Why Your Calves Won't Grow

Posted by Ryan McArdle @ryanrobertt on Aug 30th 2017

I’m sure you’re sitting there rolling your eyes at yet another article about why your calves are small, but you’re wrong! Not about your calves being small, they are… but let me tell you about how you can fix that and get you looking like Tom Platz.

Let start with a quick science lesson. The calf is made up of two muscles: the gastrocnemius and the soleus. The gastrocnemius makes up the bulk of the calf muscle and is what is visible through the skin. The soleus is a flat muscle that lies beneath the gastroc and isn’t quite visible, but that doesn’t mean it’s not important!
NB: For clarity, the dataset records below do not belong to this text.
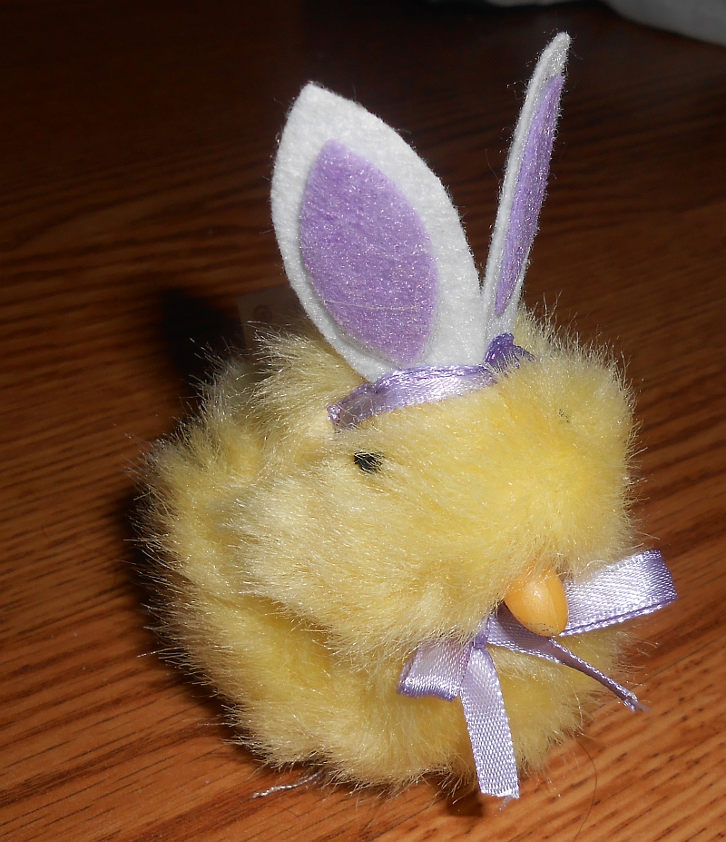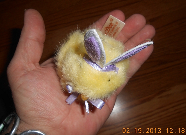 The Chirping Palm Pet is a rather lifelike-looking baby chick with rabbit ears & a bow for Easter that chirps whenever you place it in the palm of your hand.
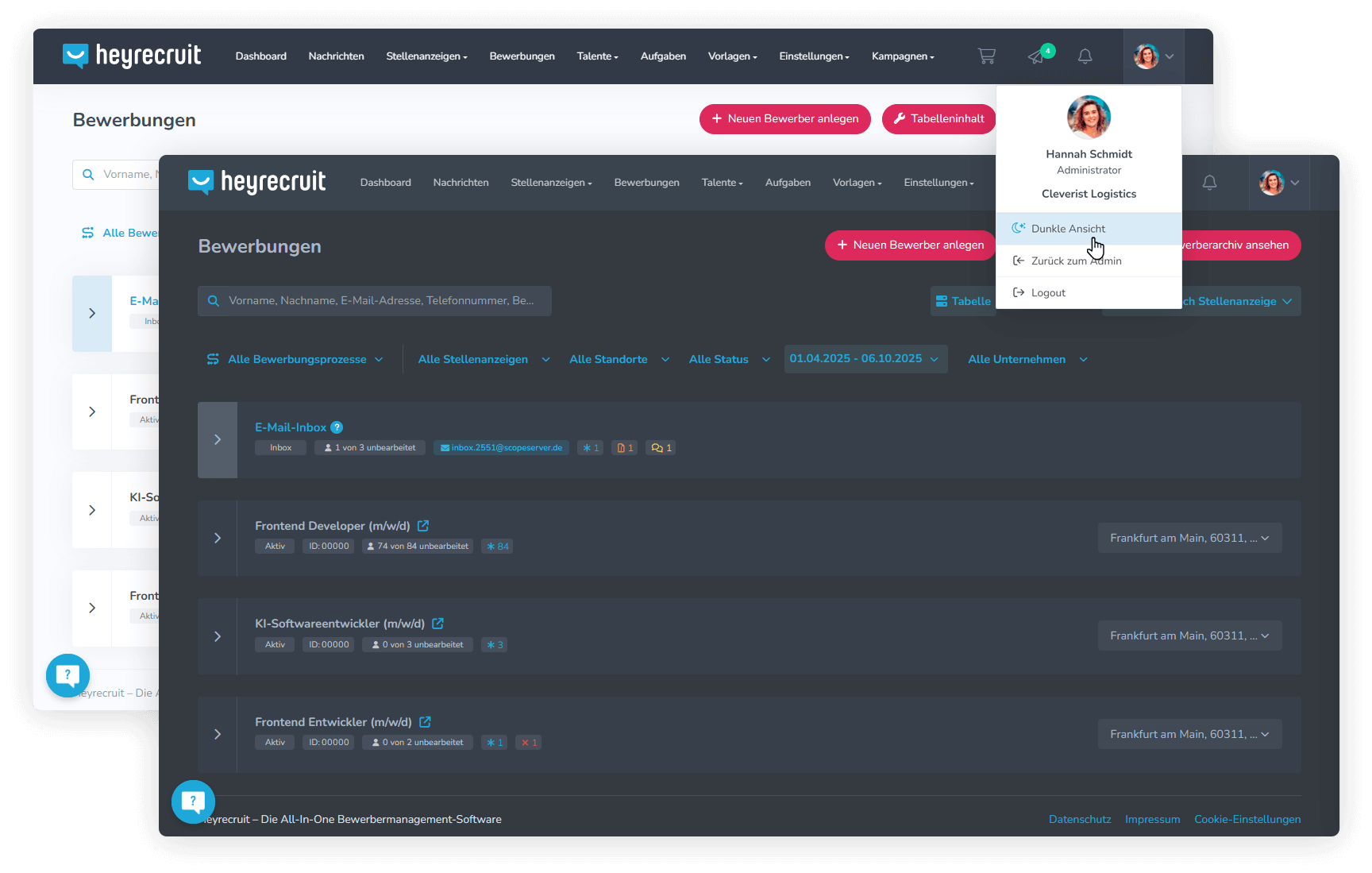 Der neue Dark Mode verbessert das konzentrierte Arbeiten mit Heyrecruit – besonders praktisch bei längeren Screening-Sessions und empfindlichen Augen.
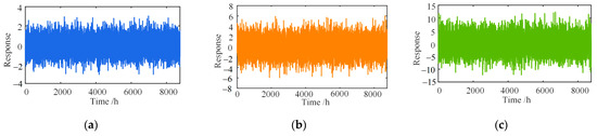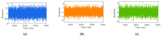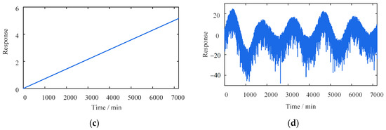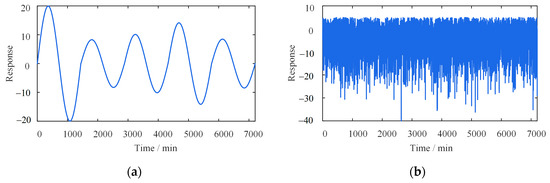 where and represent the seasonal and daily temperature-induced responses, respectively; is a constant equal to 60; is a random value inside (7, 20); is the frequency; is a fixed value of 10; , a one-dimensional array, represents a normal distribution with a mean of 0.
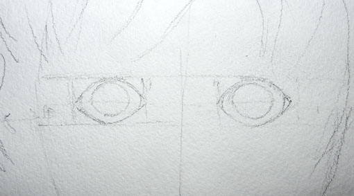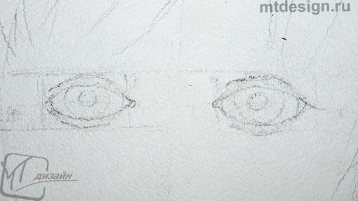 Очень тяжело в первый раз нарисовать глаза одинаковыми. Один все время старается получиться больше или меньше другого. Поэтому не поленитесь воспользоваться вспомогательными линиями. Я не буду давать детальное построение глаза — это будет в более сложном уроке карандашом.
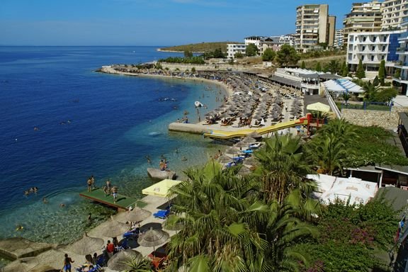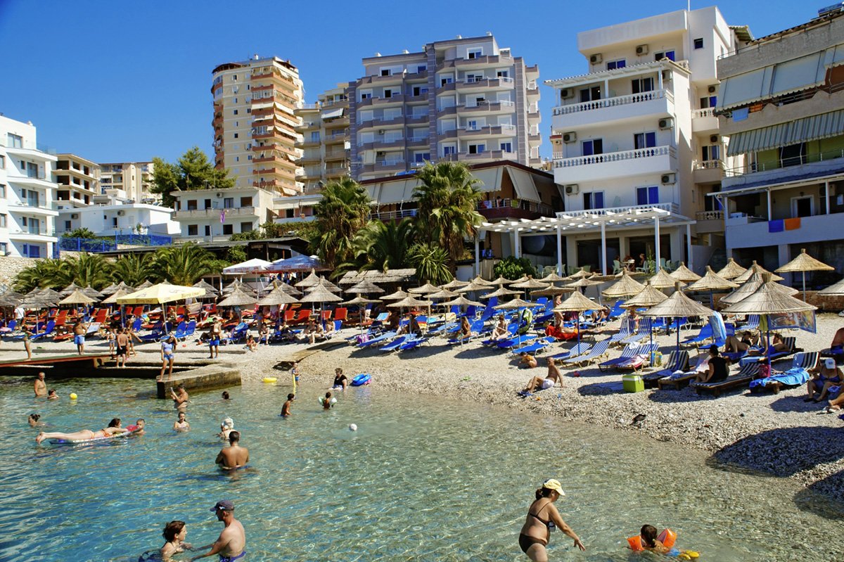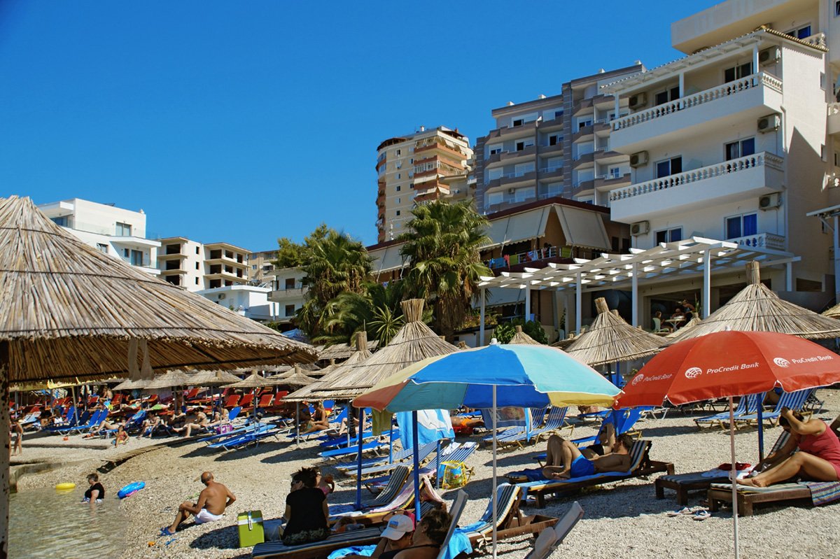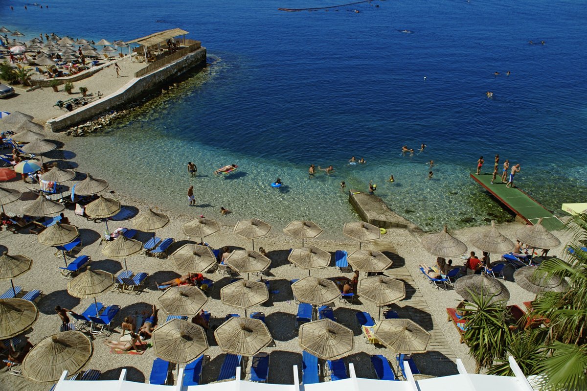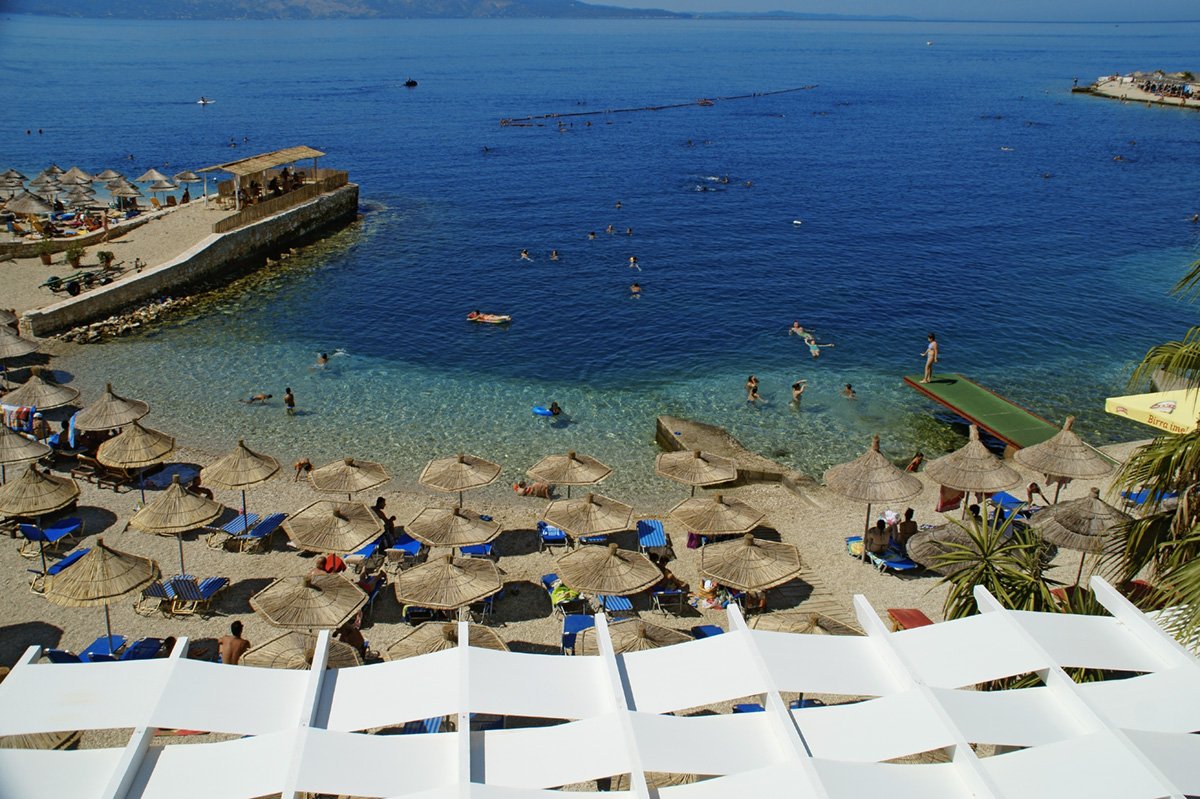 Vila E Bardhe, hotelowa, żwirowo-kamienista, zalecane obuwie ochronne, łagodne zejście do morza, blisko brzegu głęboka woda, bezpośrednio przy hotelu, zejście po schodach, bezpłatne parasole i leżaki, ręczniki płatne.
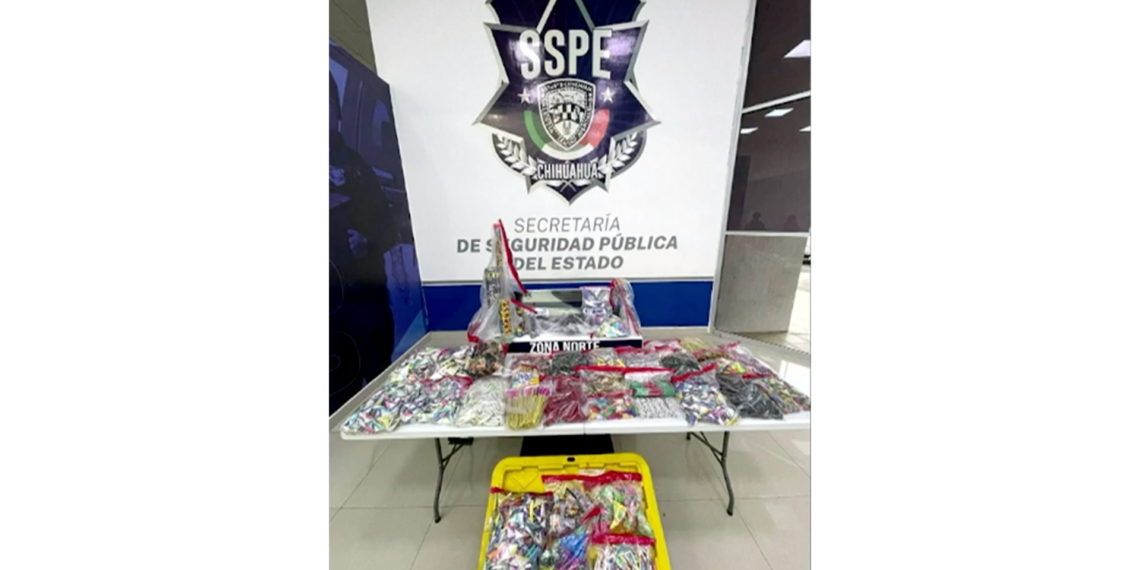 Ciudad Juárez, Chih.- Como parte de las acciones preventivas en temporada decembrina, agentes de la Policía Estatal realizaron el aseguramiento de 4 mil piezas de pirotecnia y la detención de un joven de 22 años, identificado como Daniel U. V., quien ofrecía el producto de manera irregular en la zona Centro, particularmente en el cruce de Rafael Velarde y La Paz.
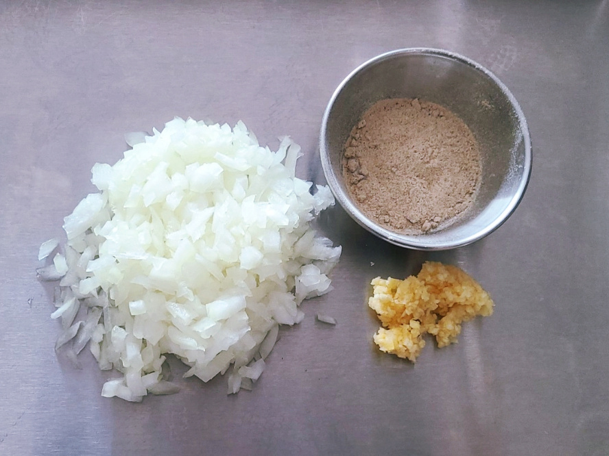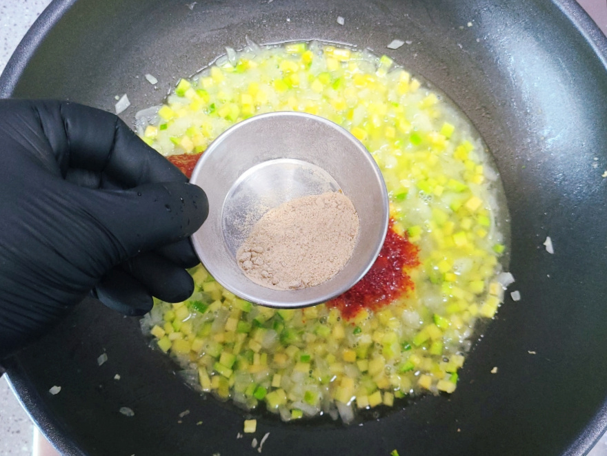 두부 120 g , 애호박 95 g , 양파 65 g (밥 숟가락계량), 물 100 ml (밥 숟가락계량), 동전육수(가루분말) 1 개 , 들기름 1 큰술 (밥 숟가락계량), 시판 된장 2 큰술 (밥 숟가락계량), 쌈장 1 큰술 (밥 숟가락계량), 설탕 0.3 큰술 (밥 숟가락계량), 고춧가루 0.4 큰술 (밥 숟가락계량), 다진마늘 0.5 큰술 (밥 숟가락계량), 통깨 솔솔솔
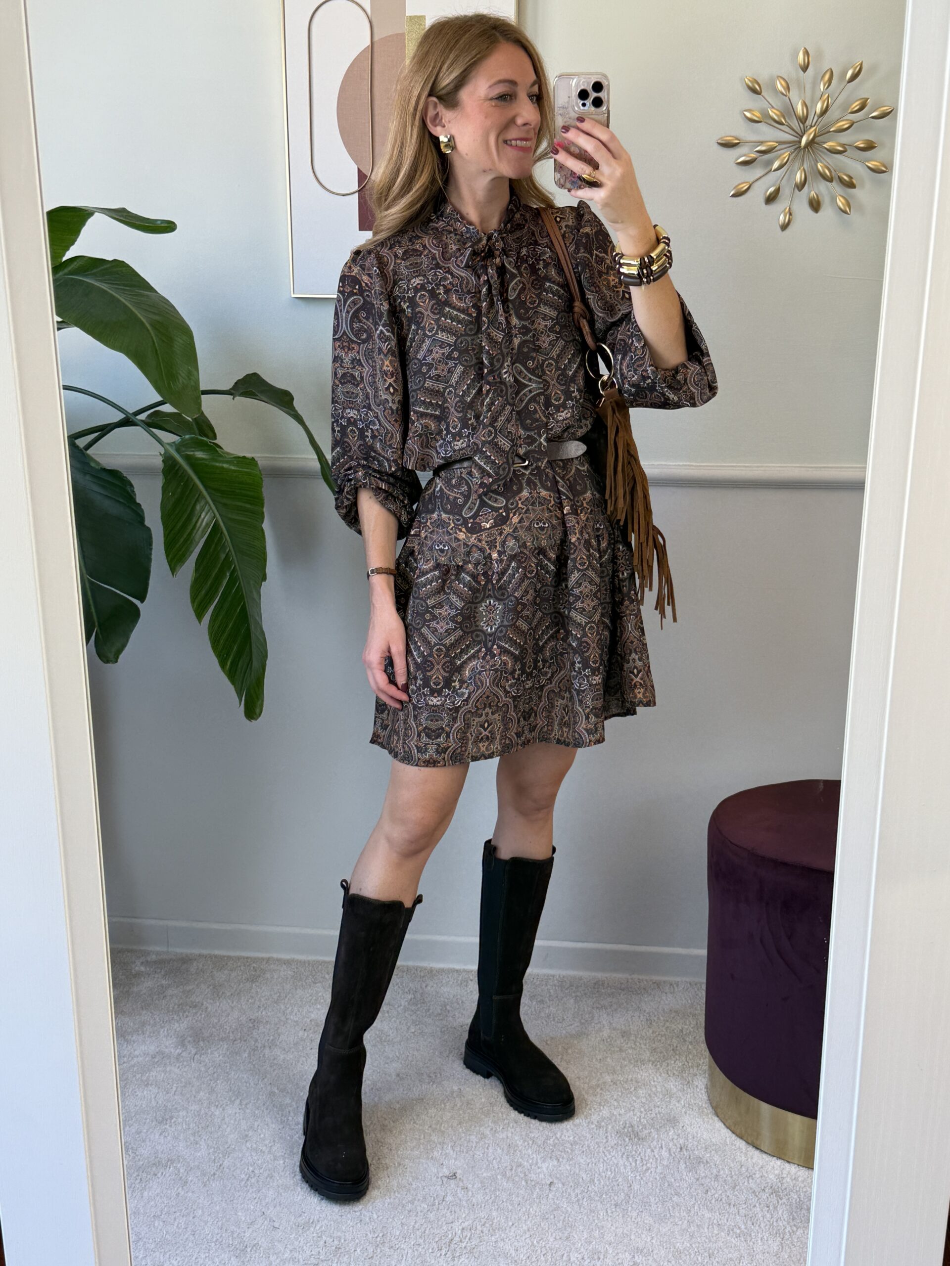 Puoi stringere il punto vita con la Cintura in pelle scamosciata con fibbia lucchetto come in foto.
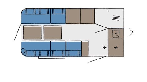 De Beachy kenmerkt zich door zijn lichte gewicht, ruimte en gebruikersgemak. Het bed kunt u laten liggen en dan blijft er toch nog een klein zitgedeelte voor 2 personen over zodat u niet direct buiten hoeft te ontbijten. In de Beachy is een Mobicool koelbox standaard in de lade onder de wasbak te vinden die al uw boodschappen koel kan houden uiteraard.
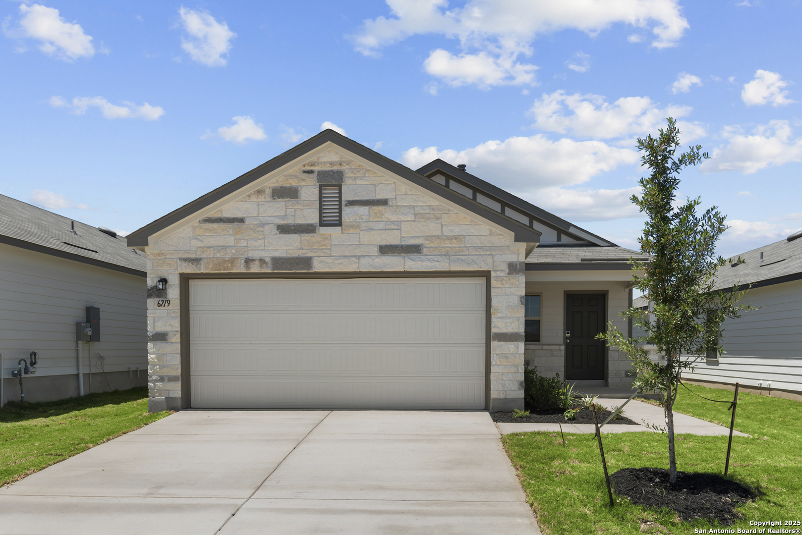 **READY NOW***Welcome to this beautiful new construction home located at 6719 Red Buffalo Trail in San Antonio, TX 78253. This modern 3-bedroom, 2-bathroom home built by M/I Homes, one of the nation's leading new construction home builders, offers a perfect blend of comfort and style. Your New Home Features Upon entering, you are greeted with an open floorplan that seamlessly connects the living room, dining area, and kitchen, creating a spacious and inviting atmosphere for daily living and entertaining. The kitchen is a chef's delight, featuring sleek countertops, stainless steel appliances, ample cabinet space, and a large island that doubles as a breakfast bar. The master bedroom is a serene retreat, boasting a walk-in closet and an en-suite bathroom with a double vanity, a soaking tub, and a separate shower. The two additional bedrooms are generously sized and share a well-appointed full bathroom. Enjoy the convenience of a 2-car garage for parking and storage needs. Step outside to the covered patio where you can unwind and enjoy the fresh air in your private outdoor space. With 1,485 sqft of living space all on one level, this home is perfect for families, professionals, or anyone looking for a comfortable and low-maintenance living environment.

These two muscles merge together at the bottom of the calf and are connected to the Achilles tendon. The purpose of them is to elevate the heel and promote forward movement. Even though the gastrocnemius is mostly used for plantar flexion it also assists in knee flexion. As I said before the soleus is still very important, as it is consisted of “slow-twitch muscle fibers” which is why you can run and jump for periods of time without fatiguing the calf too much. These fibers also contribute to ankle stability; without them we’d be falling all over the place like Kendrick Perkins on the court.

Now down to business, the main movements needed to grow the gastrocnemius are: standing calf raises and donkey calf raises. Both requiring the leg to be straight. Here’s the kicker, because these muscles connect to the Achilles tendon there’s something called “elastic recoil” which means when you overload these movements and bounce the weight at the bottom you’re not actually working your calf muscles. The same goes for isolating the soleus with bent knee calf raises, it is not optimal to speed through 50 reps with four plates and then complain that your calves haven’t grown in years.

The key is to have a slow eccentric(lowering) movement and pause at the bottom of each rep as well as a slow concentric(lifting) movement with a hard squeeze at the top of the lift. Through my own trial and error, I would suggest having a combination of heavier weight with low reps as well as a bit lighter with higher reps. No matter which one you’re doing I insist that you take it as slow as possible to get the most out of these exercises. Follow these simple steps in your workouts and soon your knee sleeves will be obsolete from not being able to get past your calves!